The soldiers had played their part in the drama by remaining aloof. The lead soldier shouted something – in Turkish, I assumed. As one, they marched through the gate that was then relocked behind them.

“Now,” said Fabulo, and strode away along a path into the park, beckoning us to follow.

Yan was first to move, followed by the bear, Lara, Ellie and Jeremiah in that order. I brought up the rear, pushing the barrel organ.

I was thinking that Fabulo had made a mistake. Though the sight of Lara and Ellie, or rather their legs, had attracted him, I did not think that showgirls would be unknown in the metropolis.
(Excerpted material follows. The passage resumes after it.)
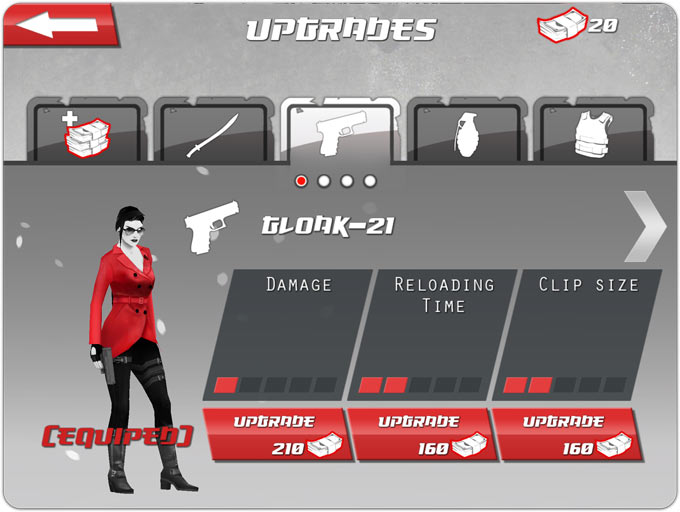 За каждую миссию мы зарабатываем виртуальную валюту, которую можно и нужно тратить на улучшения для холодного и огнестрельного оружия, гранаты, а также броню для подзащитного. Причем большинство предметов экипировки имеют несколько характеристик. Например, для пистолета это урон, время перезарядки и объем магазина. Прошли миссию, сделали пару улучшений и снова в бой, предварительно выбрав дальнейшее направление движения на карте уровней.

The key holder could not be relied on to follow. But then I heard his voice, calling from behind me.

“Hi! Good people!”

Fabulo continued to lead us further into the park, though he must have heard.

“Please wait!”

I listened to the slap of the small man’s feet on the path as he ran to catch up. At last he overtook me and I expected him to go straight to the women. But he overtook them also, circling Yan and the bear at a safe distance before coming to a stop in front of them.

“It is… a fine… bear,” he said, through gasps, for he was out of breath.
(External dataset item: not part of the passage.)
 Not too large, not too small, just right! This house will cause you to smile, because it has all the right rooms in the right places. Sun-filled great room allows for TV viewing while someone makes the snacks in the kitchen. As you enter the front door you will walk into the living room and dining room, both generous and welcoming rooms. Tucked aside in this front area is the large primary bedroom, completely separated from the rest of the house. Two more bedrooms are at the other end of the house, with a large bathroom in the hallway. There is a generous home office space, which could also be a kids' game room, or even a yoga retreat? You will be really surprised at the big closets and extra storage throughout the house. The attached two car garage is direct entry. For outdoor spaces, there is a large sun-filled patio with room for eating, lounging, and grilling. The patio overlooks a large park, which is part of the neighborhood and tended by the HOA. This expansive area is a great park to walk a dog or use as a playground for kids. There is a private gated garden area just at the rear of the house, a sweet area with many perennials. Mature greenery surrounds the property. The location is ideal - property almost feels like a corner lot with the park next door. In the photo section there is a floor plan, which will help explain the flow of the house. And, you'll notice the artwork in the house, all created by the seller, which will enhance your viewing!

“Why, thank you,” said Yan, bowing.

“You like him then?” asked Fabulo, reaching up to give the key holder a friendly pat on the shoulder. When he withdrew his hand, I noticed a smear of syrupy liquid had been left behind.

“Indeed, yes,” enthused our target. “He is a black bear, I can see that. But from what part of the world?”

“Formosa,” said Fabulo.

“Formosa? How singular. Indeed, how very singular! How, may I ask, did he come to be brought back over the border into the Gas-Lit Empire?”

“I don’t rightly know,” said Fabulo. “But that’s what I was told when he came to me.”

Now, I am not an expert with animals. But it seemed to me that the bear was displaying more than a passing interest in the key holder. The two of them leaned towards each other, the bear held back by the chain and the man held back, presumably, by a sense of self-preservation.